▶ _TASK DIRECTIONS_
Make an exact copy of all the entries, but do not reproduce the pictures.

(MATERIAL FOR THIS TASK)

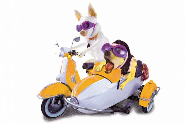Dogs In Sidecar Watercolor
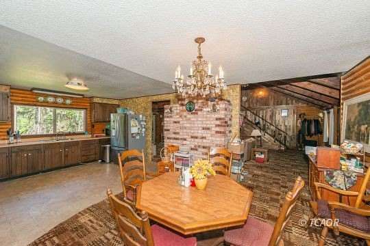 Tucked away at the end of a private road and bordered by Forest Service land, this rustic 1,808 sq ft log home offers peace, privacy, and natural beauty on 9.22 acres. Built in 1978 from durable Eastern Yellow Pine, the home features classic craftsmanship and warm woodwork throughout.The spacious main-level primary bedroom includes a beautifully tiled shower in the en-suite bath. Upstairs, you'll find a comfortable guest bedroom and a full guest bathroom-perfect for visitors or family. A floor-to-ceiling stone hearth with a wood stove insert anchors the living space, creating a cozy atmosphere. Natural light pours in through a thoughtfully placed solar tube. Flooring includes carpet throughout, with vinyl in the kitchen.This sanctuary features-two year-round creeks flow through the property and serve as the home's water source. Enjoy the added charm of a seasonal pond, ideal for watching local wildlife or simply soaking in the quiet. Additional features include a detached two-car garage, a separate workshop, and total seclusion with no nearby neighbors. Whether you're looking for a retreat, a basecamp for adventure, or a peaceful full time residence.
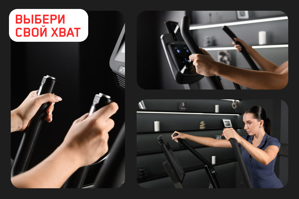 Педали с антискользящим покрытием разнесены на расстояние 18,5 см, а длина шага составляет 35 см — это дает естественную траекторию движения и комфорт во время занятий.
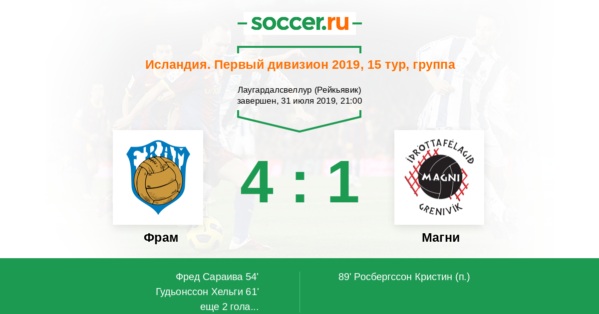 Протокол матча Фрам против Магни
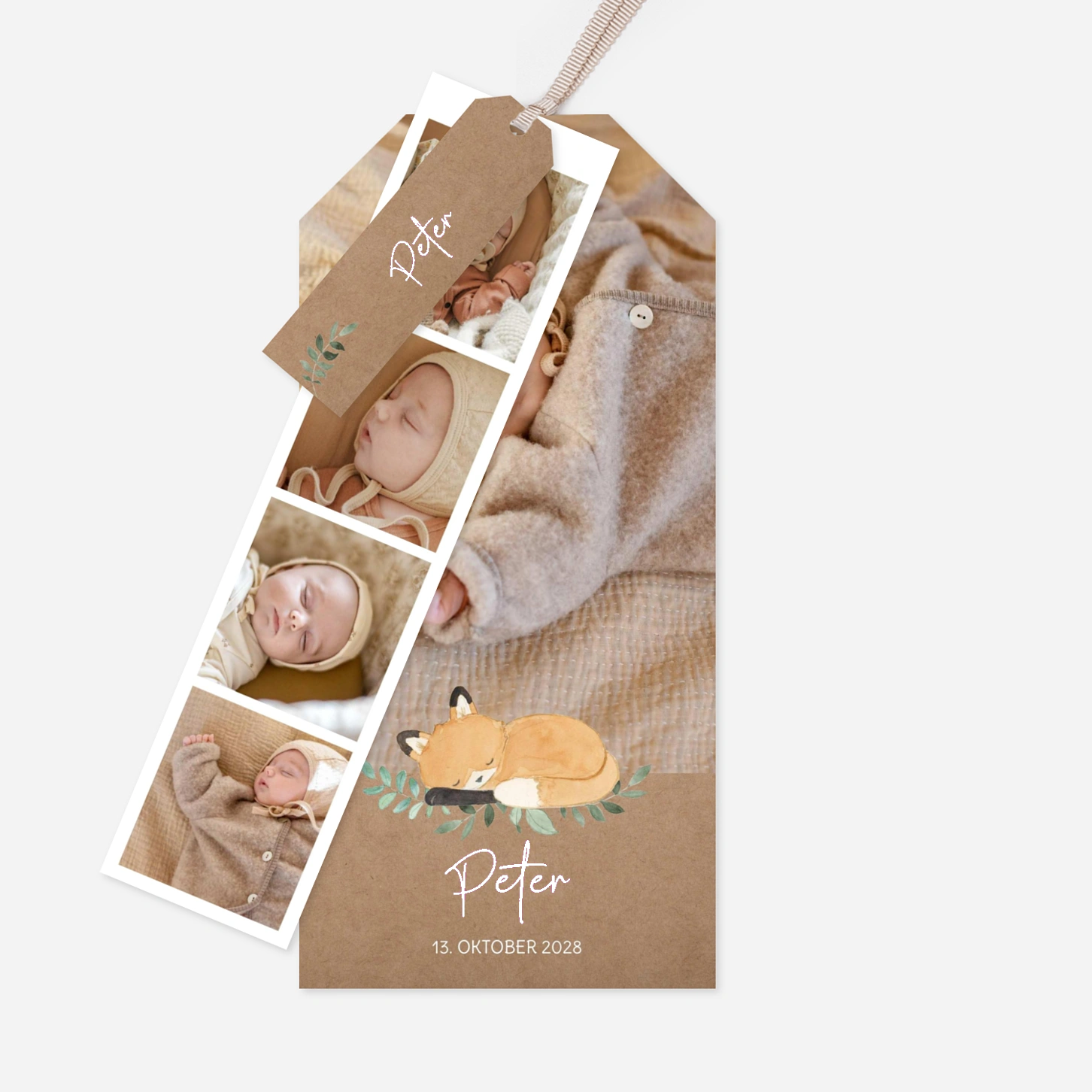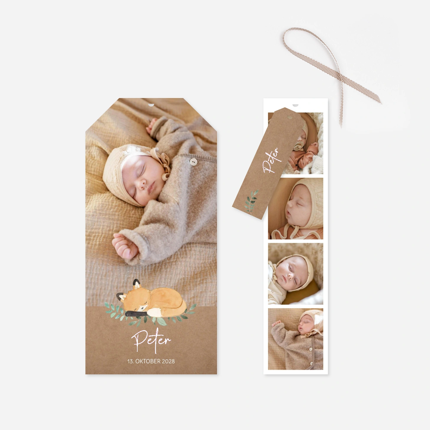 Die Geburtskarte „Füchschenliebe“ verbindet natürliche Bildwelten mit einer liebevollen Illustration und schafft so eine warme, geborgene Atmosphäre für die Ankündigung Ihres Babys. Das harmonische Zusammenspiel aus Fotoflächen und verspieltem Motiv macht diese Geburtskarte ideal, um Ihre Freude persönlich zu teilen und Ihre Geburtskarte gestalten zu können. Das Design wurde in unserem hauseigenen Atelier entworfen und mit großer Sorgfalt in unseren eigenen Produktionsstätten in Deutschland und Frankreich gefertigt. Für alle Geburtskarten können Sie zudem ein kostenloses Musterpaket bestellen, bevor Sie Ihre Geburtskarte drucken lassen.

(End MATERIAL FOR THIS TASK)

▶ _EXERCISE RESPONSE_
Dogs In Sidecar Watercolor
 Tucked away at the end of a private road and bordered by Forest Service land, this rustic 1,808 sq ft log home offers peace, privacy, and natural beauty on 9.22 acres. Built in 1978 from durable Eastern Yellow Pine, the home features classic craftsmanship and warm woodwork throughout.The spacious main-level primary bedroom includes a beautifully tiled shower in the en-suite bath. Upstairs, you'll find a comfortable guest bedroom and a full guest bathroom-perfect for visitors or family. A floor-to-ceiling stone hearth with a wood stove insert anchors the living space, creating a cozy atmosphere. Natural light pours in through a thoughtfully placed solar tube. Flooring includes carpet throughout, with vinyl in the kitchen.This sanctuary features-two year-round creeks flow through the property and serve as the home's water source. Enjoy the added charm of a seasonal pond, ideal for watching local wildlife or simply soaking in the quiet. Additional features include a detached two-car garage, a separate workshop, and total seclusion with no nearby neighbors. Whether you're looking for a retreat, a basecamp for adventure, or a peaceful full time residence.
 Педали с антискользящим покрытием разнесены на расстояние 18,5 см, а длина шага составляет 35 см — это дает естественную траекторию движения и комфорт во время занятий.
 Протокол матча Фрам против Магни
 Die Geburtskarte „Füchschenliebe“ verbindet natürliche Bildwelten mit einer liebevollen Illustration und schafft so eine warme, geborgene Atmosphäre für die Ankündigung Ihres Babys. Das harmonische Zusammenspiel aus Fotoflächen und verspieltem Motiv macht diese Geburtskarte ideal, um Ihre Freude persönlich zu teilen und Ihre Geburtskarte gestalten zu können. Das Design wurde in unserem hauseigenen Atelier entworfen und mit großer Sorgfalt in unseren eigenen Produktionsstätten in Deutschland und Frankreich gefertigt. Für alle Geburtskarten können Sie zudem ein kostenloses Musterpaket bestellen, bevor Sie Ihre Geburtskarte drucken lassen.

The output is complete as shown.